Exercise goal: How do the records below read from their first line through the line containing "Editing software timeline"? Write those lines out exactly.

Records from a data source:
◇ ◇ ◇
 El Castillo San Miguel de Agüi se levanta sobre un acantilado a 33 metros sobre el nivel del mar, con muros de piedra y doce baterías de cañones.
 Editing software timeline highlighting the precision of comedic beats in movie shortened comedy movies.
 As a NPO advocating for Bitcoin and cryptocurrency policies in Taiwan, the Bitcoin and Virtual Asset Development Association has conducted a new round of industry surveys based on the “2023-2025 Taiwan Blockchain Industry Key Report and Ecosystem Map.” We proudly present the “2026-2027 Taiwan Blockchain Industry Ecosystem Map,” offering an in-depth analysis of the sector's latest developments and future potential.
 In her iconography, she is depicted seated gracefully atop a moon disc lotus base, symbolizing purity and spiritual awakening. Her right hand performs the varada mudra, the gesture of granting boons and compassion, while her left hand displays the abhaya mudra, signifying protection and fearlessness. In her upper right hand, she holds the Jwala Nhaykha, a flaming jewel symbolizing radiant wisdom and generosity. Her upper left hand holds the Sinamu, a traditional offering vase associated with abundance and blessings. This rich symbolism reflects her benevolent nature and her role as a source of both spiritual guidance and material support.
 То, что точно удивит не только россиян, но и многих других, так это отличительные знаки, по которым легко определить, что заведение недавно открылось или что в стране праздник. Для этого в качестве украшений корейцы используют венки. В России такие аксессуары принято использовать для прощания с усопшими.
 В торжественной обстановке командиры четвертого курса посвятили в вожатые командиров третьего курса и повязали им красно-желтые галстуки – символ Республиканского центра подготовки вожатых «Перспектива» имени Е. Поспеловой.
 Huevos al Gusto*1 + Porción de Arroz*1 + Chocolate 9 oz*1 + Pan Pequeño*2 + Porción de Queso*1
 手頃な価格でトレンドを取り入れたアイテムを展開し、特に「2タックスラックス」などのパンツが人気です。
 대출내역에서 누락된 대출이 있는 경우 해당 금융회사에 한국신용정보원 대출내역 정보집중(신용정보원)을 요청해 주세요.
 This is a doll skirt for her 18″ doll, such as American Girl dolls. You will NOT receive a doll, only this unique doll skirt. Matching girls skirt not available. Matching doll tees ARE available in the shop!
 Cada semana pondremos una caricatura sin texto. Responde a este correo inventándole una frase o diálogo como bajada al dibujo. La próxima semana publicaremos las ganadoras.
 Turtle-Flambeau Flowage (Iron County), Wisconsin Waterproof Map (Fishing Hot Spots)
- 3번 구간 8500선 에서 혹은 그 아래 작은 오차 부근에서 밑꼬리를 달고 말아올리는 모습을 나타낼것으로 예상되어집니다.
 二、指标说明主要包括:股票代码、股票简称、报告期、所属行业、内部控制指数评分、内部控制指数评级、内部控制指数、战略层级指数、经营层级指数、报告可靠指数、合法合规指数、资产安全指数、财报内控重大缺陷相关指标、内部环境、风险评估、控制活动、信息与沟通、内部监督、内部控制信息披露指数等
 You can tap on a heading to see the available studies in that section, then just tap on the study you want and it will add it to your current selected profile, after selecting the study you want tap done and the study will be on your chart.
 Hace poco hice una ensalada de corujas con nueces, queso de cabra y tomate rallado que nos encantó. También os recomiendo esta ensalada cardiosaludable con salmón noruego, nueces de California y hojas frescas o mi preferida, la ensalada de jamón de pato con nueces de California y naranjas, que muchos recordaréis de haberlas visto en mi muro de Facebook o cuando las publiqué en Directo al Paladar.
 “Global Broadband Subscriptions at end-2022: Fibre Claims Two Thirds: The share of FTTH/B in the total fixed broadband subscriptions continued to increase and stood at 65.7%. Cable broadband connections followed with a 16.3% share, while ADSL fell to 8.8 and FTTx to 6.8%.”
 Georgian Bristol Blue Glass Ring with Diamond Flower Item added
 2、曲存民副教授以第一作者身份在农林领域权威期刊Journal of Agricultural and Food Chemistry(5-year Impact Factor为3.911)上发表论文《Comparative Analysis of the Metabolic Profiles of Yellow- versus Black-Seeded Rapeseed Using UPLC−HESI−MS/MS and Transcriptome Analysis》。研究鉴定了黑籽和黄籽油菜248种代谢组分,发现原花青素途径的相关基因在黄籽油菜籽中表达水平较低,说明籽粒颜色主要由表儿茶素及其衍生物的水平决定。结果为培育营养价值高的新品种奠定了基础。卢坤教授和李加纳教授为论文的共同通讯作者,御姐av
◇ ◇ ◇
Result below:
 El Castillo San Miguel de Agüi se levanta sobre un acantilado a 33 metros sobre el nivel del mar, con muros de piedra y doce baterías de cañones.
 Editing software timeline highlighting the precision of comedic beats in movie shortened comedy movies.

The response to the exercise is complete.